— WORK TO COMPLETE —
Carry none of the pictures over; write out the complete data exactly.

— GIVEN INFORMATION —

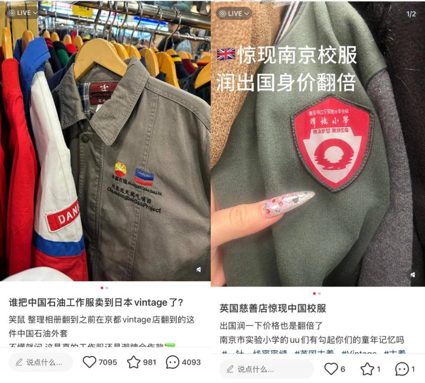 在英国一家慈善店的二手衣陈列柜里,一件印着“南京市实验小学”的绿色校服外套,标价20英镑;在日本京都祇园的古着店橱窗里,印有“中国石油”的工作服成了店里的“潮物”。
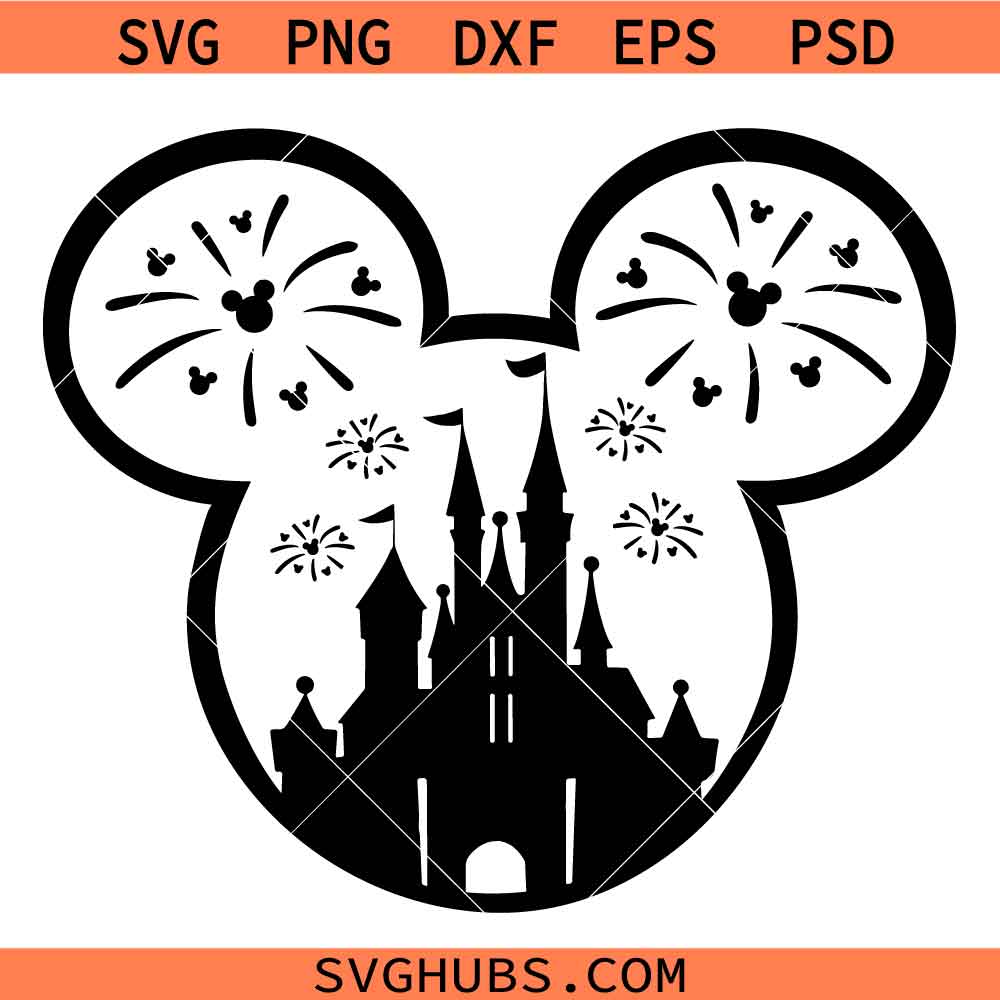Castle Firworks Mouse Ears Svg Png, Mickey Fireworks Svg Png, Magical Castle Svg Png
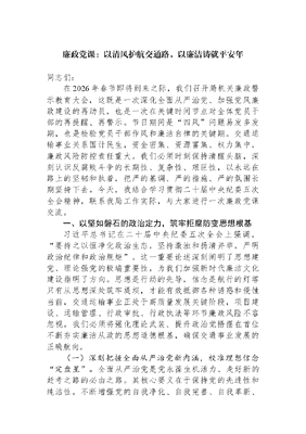 廉政党课:以清风护航交通路,以廉洁铸就平安年.docx
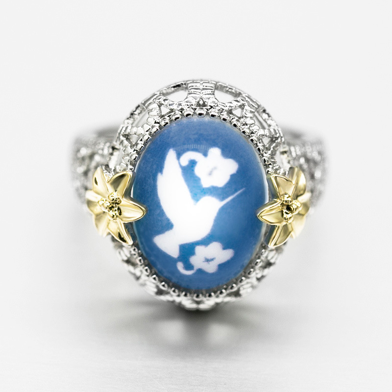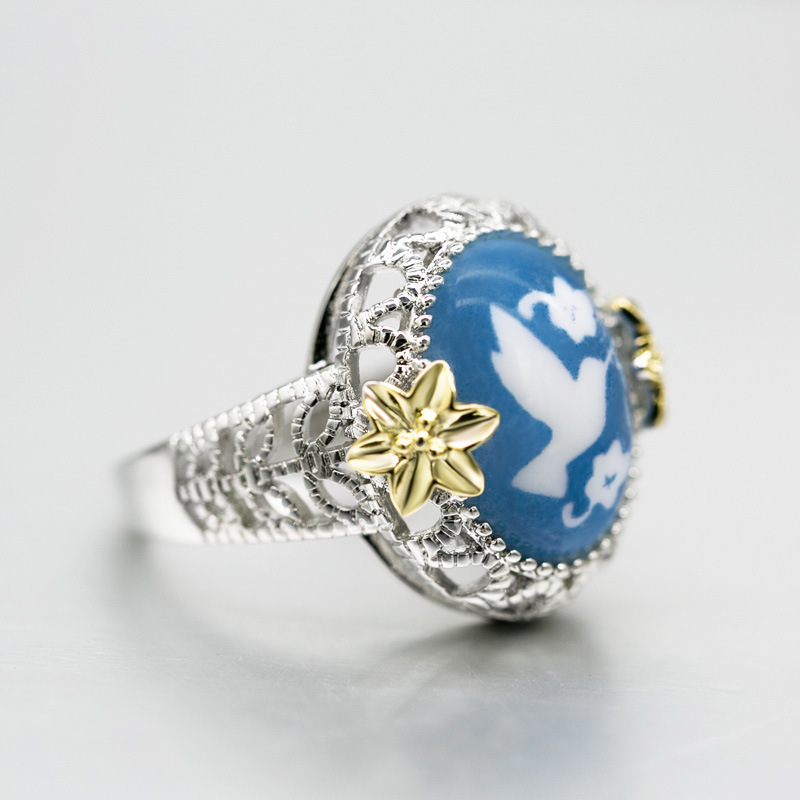 Hot-selling Nano Reflection Bird Ring Copper Plated Color Separation Small Flower Peace Dove Jewelry Wholesale

— EXERCISE RESULT —
 在英国一家慈善店的二手衣陈列柜里,一件印着“南京市实验小学”的绿色校服外套,标价20英镑;在日本京都祇园的古着店橱窗里,印有“中国石油”的工作服成了店里的“潮物”。
Castle Firworks Mouse Ears Svg Png, Mickey Fireworks Svg Png, Magical Castle Svg Png
 廉政党课:以清风护航交通路,以廉洁铸就平安年.docx
 Hot-selling Nano Reflection Bird Ring Copper Plated Color Separation Small Flower Peace Dove Jewelry Wholesale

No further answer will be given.